3 deer just ran past us on the street. At least I get to see some tail tonight
Now i know why people get high. I sat in the same chair for about 3 hours and the only thing i worried about was how far away my chinese food was.
she was carrying the quesadilla around the bar like a security blanket
I'm at work, still drunk. Can you turn on the radio? If the station goes off the air I passed out. Can't get fired. Haven't slept yet.
I drank entirely too much. My skin hurts to wear
I would personally love to see the surveillance video of me throwing my stuff inside, peeing on the sidewalk, then crying hysterically when I realized I locked myself out. Again.
It's end St Patricks day. I'm gonna need a leash. And a bib. And a rain check on anything considered dignifying.
It doesn't feel like real life when you open your hotel room door and the first person you see is wearing a rabbit costume. I'm too hungover for this.
In case you're wondering what eggs stolen from an elementary school's chicken coop taste like, delicious. Delicious is what they taste like.
I resisted the urge to announce that it looks like a big crystal butt plug
I opened a bud lite with a fencing sword last night. Yeah you banged that guy.
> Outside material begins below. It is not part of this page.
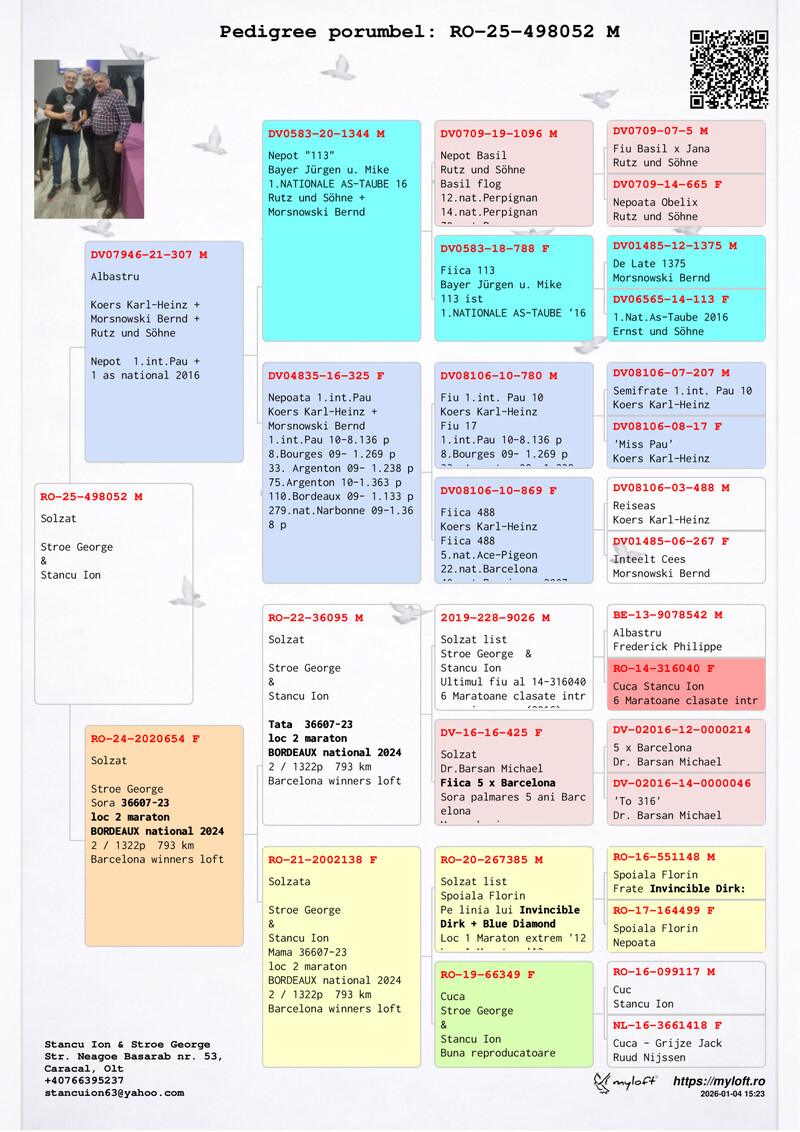 In conclusion, Ion Stancu is more than a pigeon breeder: he is a pioneer, an innovator, and a living legend of Romanian pigeon racing. Through his tireless work, the high standards he has set, and the elegance with which he turns each competition into a lesson of mastery, he continues to make history and elevate the prestige of this noble sport.

Haha no we did it on his bed. Then rolled off into the bean bag. It was a strangely athletic performance on my behalf.
all his sexual metaphors involve condiments, should I worry?
Side piece definitely knows about my GF. Said it was sexy when I go commando, then left me pantsless in the club bathroom
I might be getting fired on this week so the only option i see for tonight is to get smashed and have an orgy. actually this idea might explain why i'm not an ideal employee.